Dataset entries
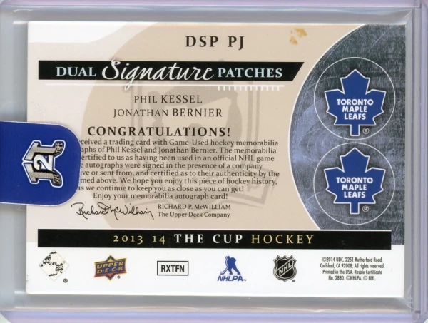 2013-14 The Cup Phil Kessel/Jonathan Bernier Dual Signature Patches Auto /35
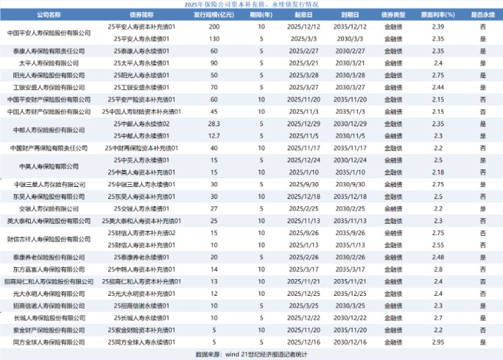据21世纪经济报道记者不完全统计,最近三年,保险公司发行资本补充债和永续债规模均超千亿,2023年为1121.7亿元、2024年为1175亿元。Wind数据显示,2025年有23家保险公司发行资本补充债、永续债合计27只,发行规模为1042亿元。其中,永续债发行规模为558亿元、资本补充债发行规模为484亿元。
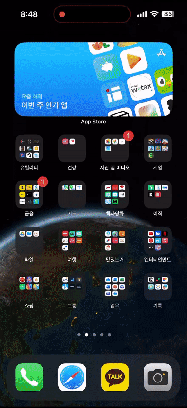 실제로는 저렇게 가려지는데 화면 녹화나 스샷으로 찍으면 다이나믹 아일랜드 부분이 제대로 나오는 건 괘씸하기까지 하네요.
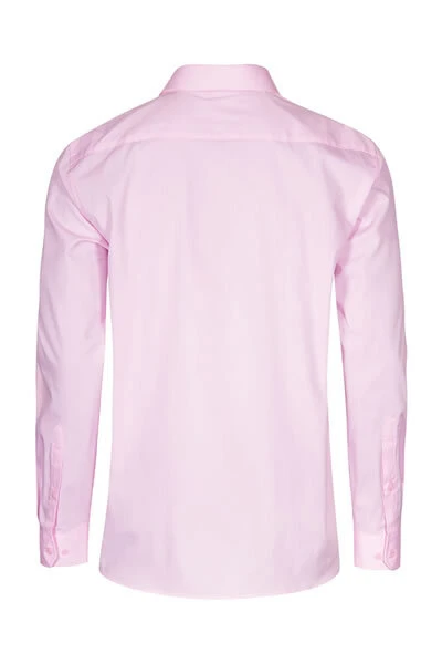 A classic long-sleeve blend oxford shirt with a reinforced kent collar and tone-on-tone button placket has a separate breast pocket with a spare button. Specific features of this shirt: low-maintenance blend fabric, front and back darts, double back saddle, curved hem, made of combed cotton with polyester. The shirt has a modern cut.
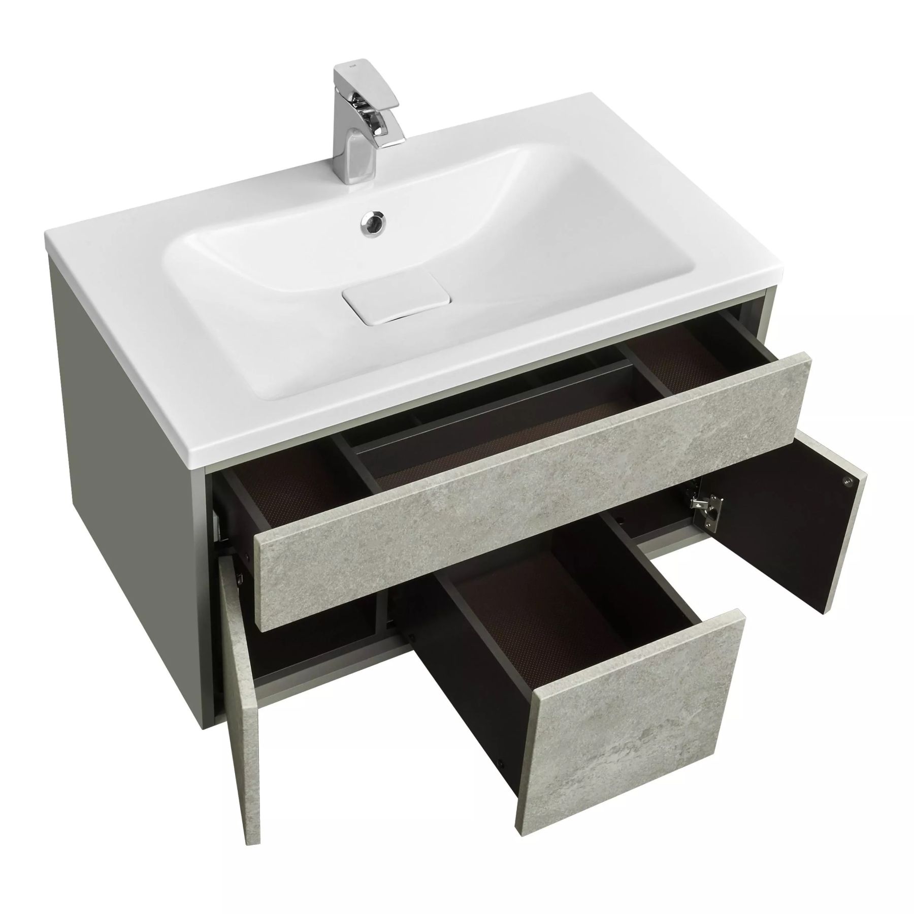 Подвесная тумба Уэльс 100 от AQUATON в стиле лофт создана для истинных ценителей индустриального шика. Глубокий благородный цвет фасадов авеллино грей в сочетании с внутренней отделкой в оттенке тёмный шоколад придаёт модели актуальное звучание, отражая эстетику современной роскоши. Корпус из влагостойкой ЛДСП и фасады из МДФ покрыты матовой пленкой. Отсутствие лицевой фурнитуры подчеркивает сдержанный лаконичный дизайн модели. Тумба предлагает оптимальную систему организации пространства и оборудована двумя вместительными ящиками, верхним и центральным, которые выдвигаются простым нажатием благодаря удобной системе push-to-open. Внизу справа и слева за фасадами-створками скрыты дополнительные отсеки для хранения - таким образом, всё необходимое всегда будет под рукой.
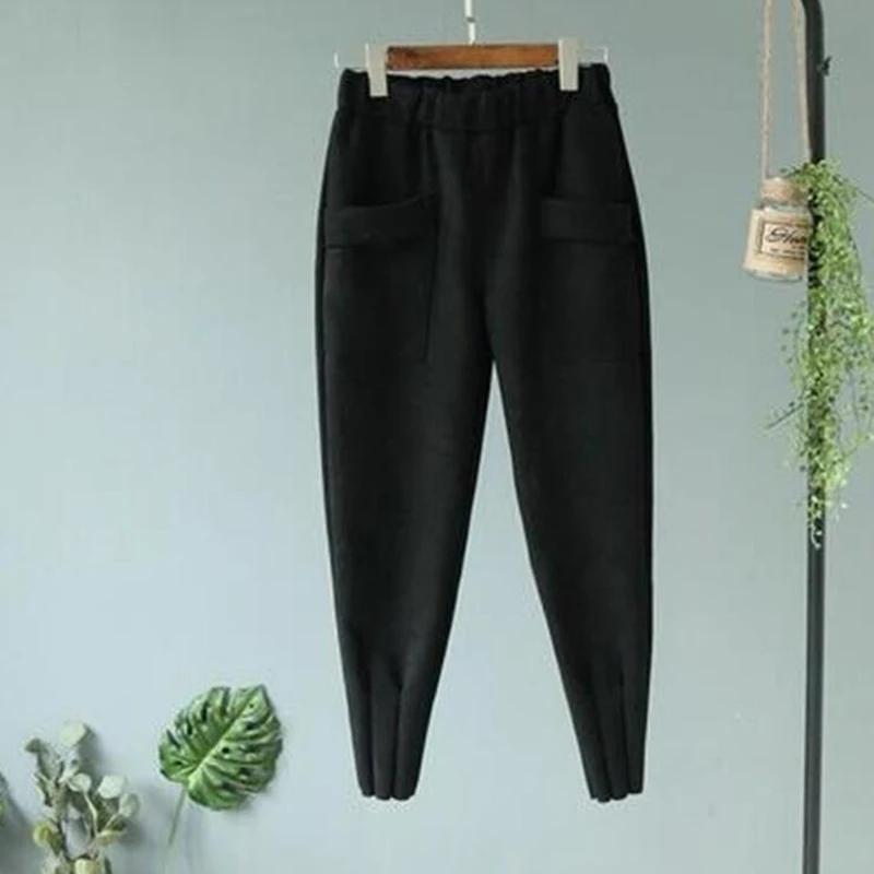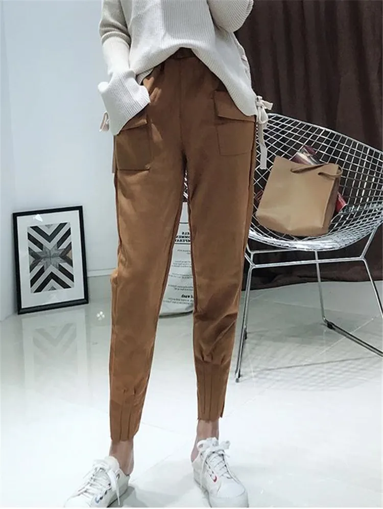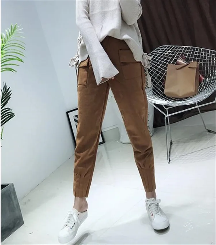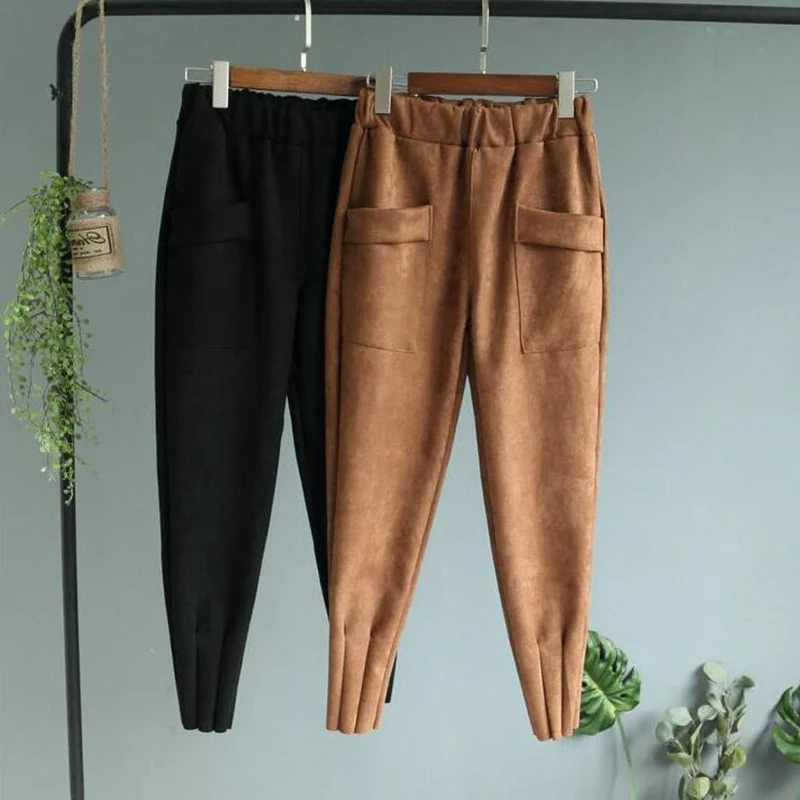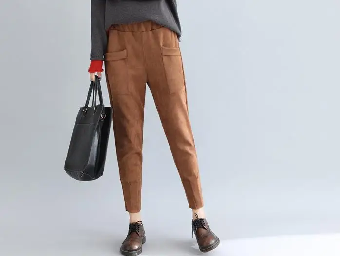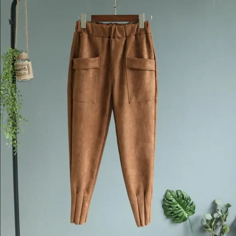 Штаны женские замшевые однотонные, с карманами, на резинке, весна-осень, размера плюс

* **THE PROBLEM**
Please set down each entry word for word, without its images.

* **ANSWER FOR THE TASK**
 2013-14 The Cup Phil Kessel/Jonathan Bernier Dual Signature Patches Auto /35
据21世纪经济报道记者不完全统计,最近三年,保险公司发行资本补充债和永续债规模均超千亿,2023年为1121.7亿元、2024年为1175亿元。Wind数据显示,2025年有23家保险公司发行资本补充债、永续债合计27只,发行规模为1042亿元。其中,永续债发行规模为558亿元、资本补充债发行规模为484亿元。
 실제로는 저렇게 가려지는데 화면 녹화나 스샷으로 찍으면 다이나믹 아일랜드 부분이 제대로 나오는 건 괘씸하기까지 하네요.
 A classic long-sleeve blend oxford shirt with a reinforced kent collar and tone-on-tone button placket has a separate breast pocket with a spare button. Specific features of this shirt: low-maintenance blend fabric, front and back darts, double back saddle, curved hem, made of combed cotton with polyester. The shirt has a modern cut.
 Подвесная тумба Уэльс 100 от AQUATON в стиле лофт создана для истинных ценителей индустриального шика. Глубокий благородный цвет фасадов авеллино грей в сочетании с внутренней отделкой в оттенке тёмный шоколад придаёт модели актуальное звучание, отражая эстетику современной роскоши. Корпус из влагостойкой ЛДСП и фасады из МДФ покрыты матовой пленкой. Отсутствие лицевой фурнитуры подчеркивает сдержанный лаконичный дизайн модели. Тумба предлагает оптимальную систему организации пространства и оборудована двумя вместительными ящиками, верхним и центральным, которые выдвигаются простым нажатием благодаря удобной системе push-to-open. Внизу справа и слева за фасадами-створками скрыты дополнительные отсеки для хранения - таким образом, всё необходимое всегда будет под рукой.
 Штаны женские замшевые однотонные, с карманами, на резинке, весна-осень, размера плюс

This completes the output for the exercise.